Al Tamimi & Company: What opportunities should member states look out for?
Afful: There is going to be USD 1billion of support from the African secretariat to support stock ups in the commodity trading. There is also going to be USD 1billion to support automotive industry purely of African shareholder structure and an opportunity for value chains identified by businesses. Once the product is wholly made or wholly obtained, it qualifies for originating status to enjoy the tariff concessions. There is a difference between wholly made from wholly obtained. Wholly made maybe from outside Africa. This is acceptable from a certain percentage. Wholly obtained enjoys zero duty because these use raw materials from Africa so companies can take advantage of the raw materials in Africa and produce and export within the FTA.
Al Tamimi & Company: What is the process for bringing grievances and dispute resolution?

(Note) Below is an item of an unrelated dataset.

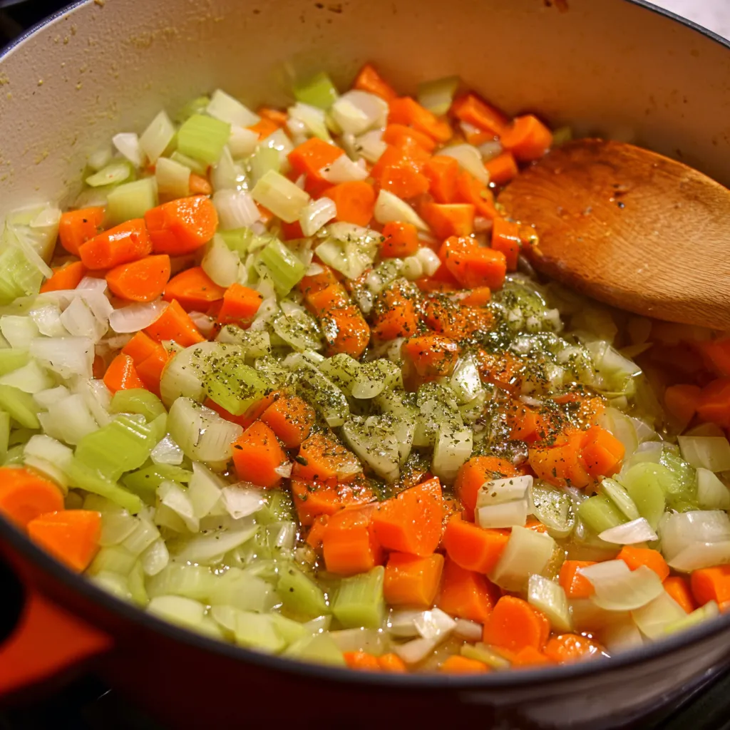 Heat olive oil in a large pot over medium heat. Add the onions, carrots, and celery. Stir and cook until softened about 5 minutes. Add garlic and cook until fragrant.

Afful: If you are a private company trading in Ghana and you had a complaint, you must file the complaint to the Minister of Trade of Ghana. They must respond within 48 hours. This need not go to the arbitration protocol. It must be resolved immediately. If it goes to the arbitration level, the host country will have a panel supported by a calendar of lawyers who will sit and resolve the issue. Complaints and grievances must go through the AfCFTA coordination office.